El presidente de una de las mayores compañías del mundo, el señor Maroto,  está intentando escapar de una comisaría acompañado de la representante sindical de su empresa, la señora Margarita, y de un “artista” yonki que no recuerda nada y es el antiguo amigo de toda la vida del presidente, el señor Pomodoro. Los tres están en la comisaría  ya que habían sido detenidos por montar una bronca con un taxista que implicó finalmente a varios coches.
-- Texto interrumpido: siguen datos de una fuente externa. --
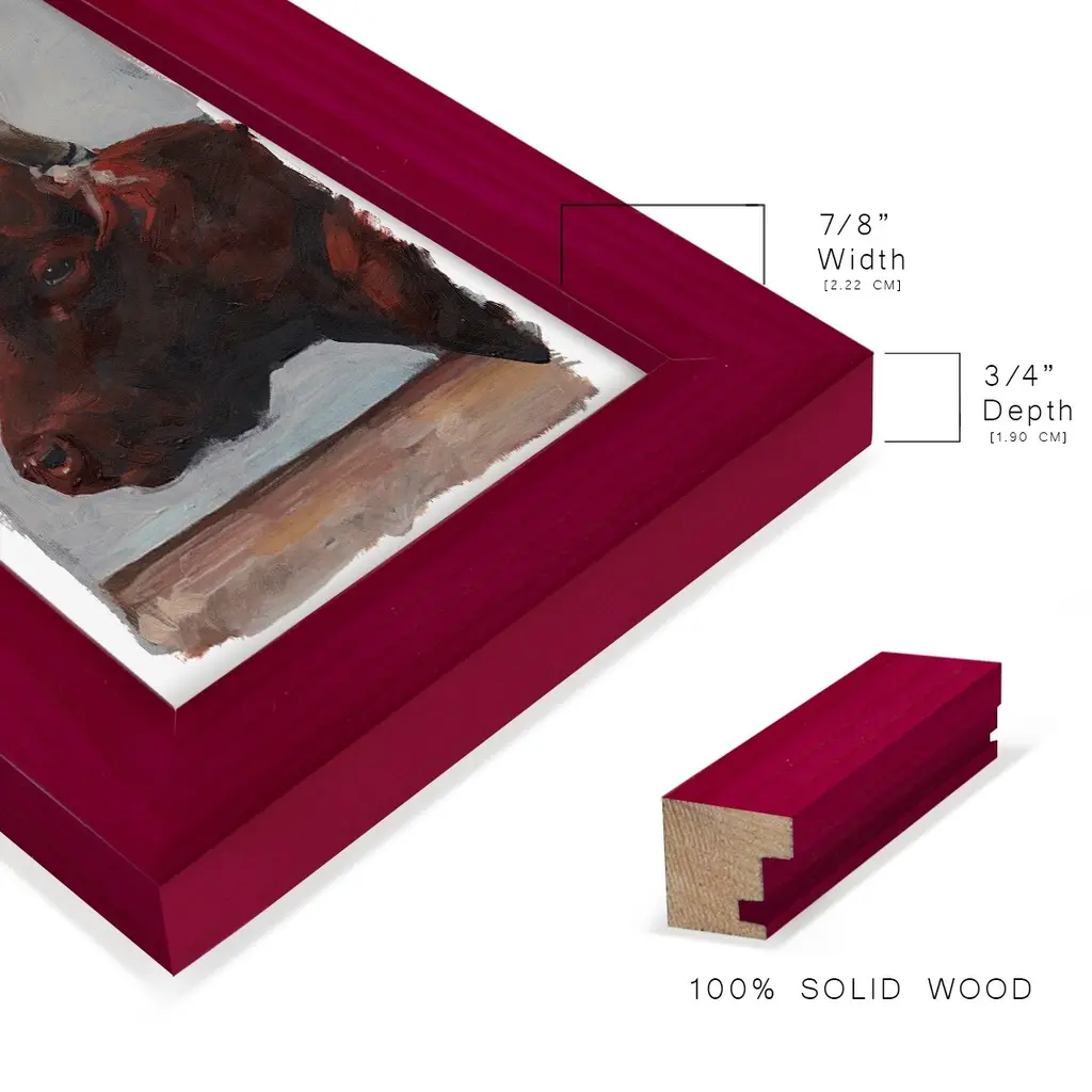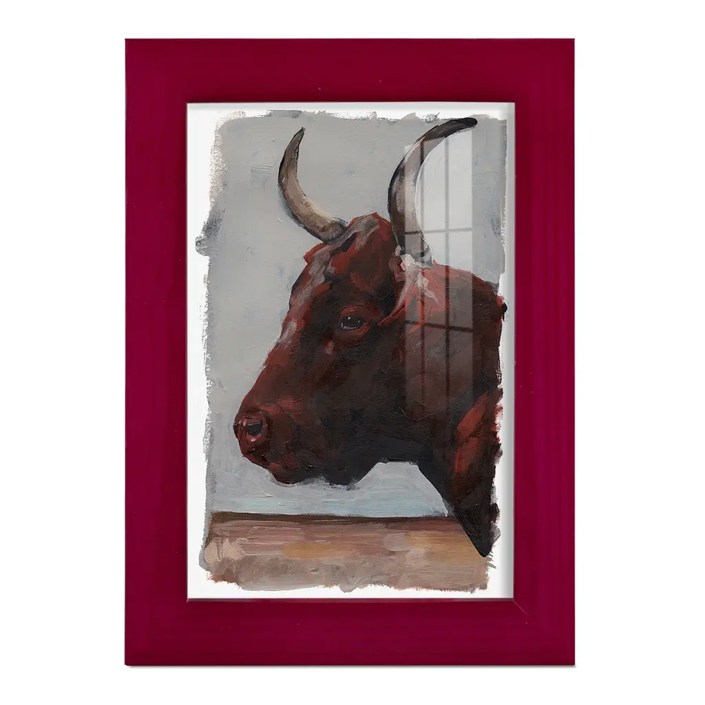 Cattle View I -EZ SWITCH Framed Print w/glass-Cherry Red A delightful, framed print. Featuring a solid wood frame with real wood glass. This premium print is giclee quality. In addition, every frame features a removable back and table top stand. This allows you to change your art in the future or to just stand the art on a table for a new look. We are sure you'll enjoy our new series of EZ SWITCH Framed Art. Solid Wood Frame Real Glass Removable / Replaceable Art Built in Tabletop Stand Sizes range from 4x6 up to 12x15 - buy just one or pair them up as sets as you see fit.

El intento de escape lo  hacen por la ventana del servicio donde previamente había cagado el inspector de policía, Lorenzo,  que les está ayudando en la fuga porque se cree que participa en una misión secreta tipo Jamen Bond. El dato del cagar no es relevante pero pone en situación.  ¿Y todo esto para qué? Pues para encontrar a un avestruz que casualidades de la vida se encuentra en casa del inspector,  y tiene impregnada en sus plumas una combinación de drogas que en teoría serán capaces de hacerle recordar al yonki del artista donde cojones metió una escultura de Giacometti que le cogió prestado al presidente después de pasar juntos un fin de semana  de drogas alucinógenas y alcohol del que emborracha como si fueran dos universitarios americanos de la hermandad estudiantil Pi Delta Gamma  (perdón por la comparación con los de Pi Delta Gamma, puede que sean los de Alpha Epsylon Beta o los de Pi Gamma Epsylon, no lo recuerdo) y para más inri todo esto sucede mientras son perseguidos por la mafia y a saber por quien más. Fácil ¿no? Pues seguimos.